## REQUIRED ACTION
After removing every image, reproduce the data exactly as it appears.

## PROVIDED DATA
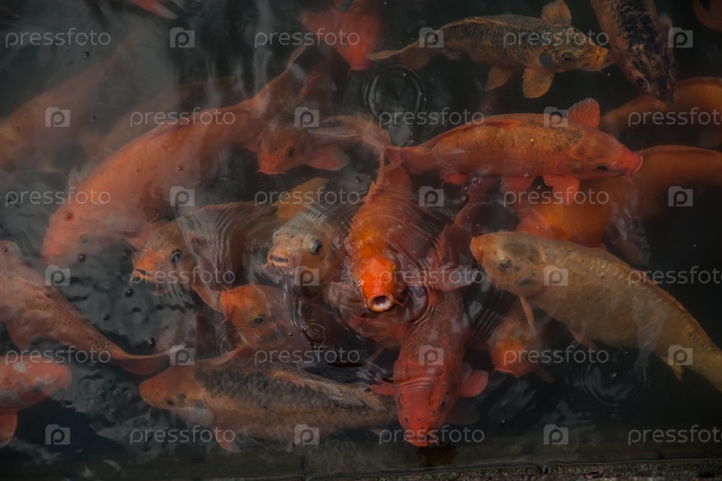 Множество разноцветных рыб кои
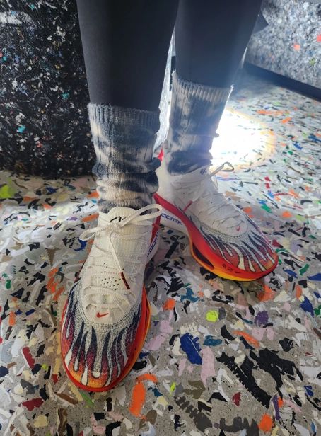 履いたのは新作の「ナイキ アルファフライ3プレミアム」。新年の駅伝を彷彿とさせる炎のデザインがカッコいい!
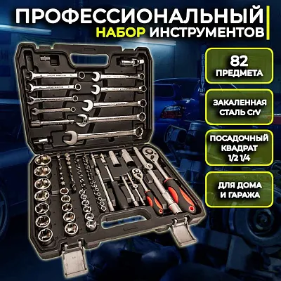 82 предмета для ремонта и строительства: отвертки, гаечные ключи, биты, шестигранники. Хромованадиевая сталь, ударопрочный кейс
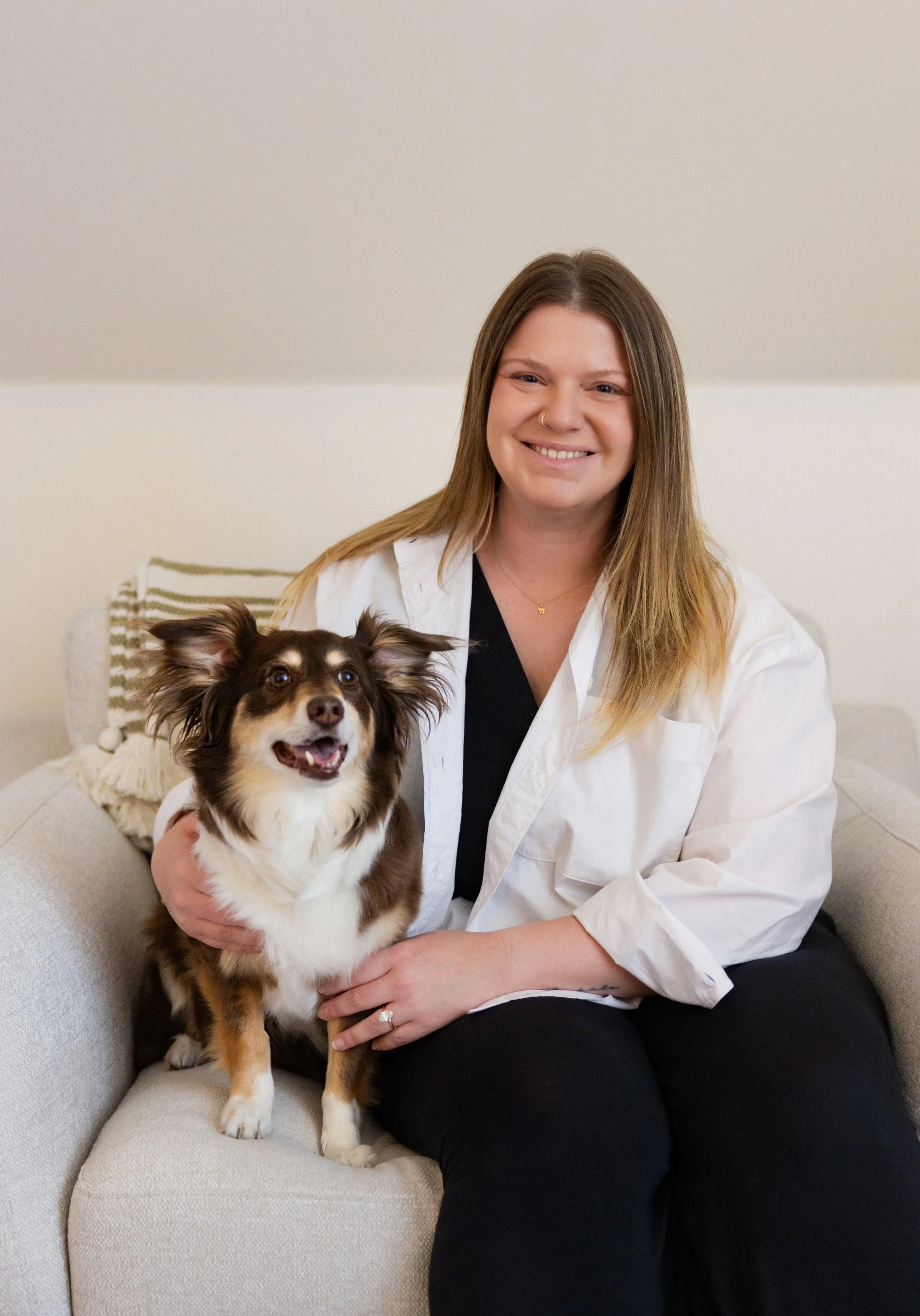 Harliegh is a long-haired Dachshund- Mini Aussie mix and she loves hiking and taking naps in the sun. In sessions Harleigh might sit by your feet, on the couch with you, or on the floor next us while getting lots of belly rubs. She looks forward to meeting you!

## WRITTEN SOLUTION
 Множество разноцветных рыб кои
 履いたのは新作の「ナイキ アルファフライ3プレミアム」。新年の駅伝を彷彿とさせる炎のデザインがカッコいい!
 82 предмета для ремонта и строительства: отвертки, гаечные ключи, биты, шестигранники. Хромованадиевая сталь, ударопрочный кейс
 Harliegh is a long-haired Dachshund- Mini Aussie mix and she loves hiking and taking naps in the sun. In sessions Harleigh might sit by your feet, on the couch with you, or on the floor next us while getting lots of belly rubs. She looks forward to meeting you!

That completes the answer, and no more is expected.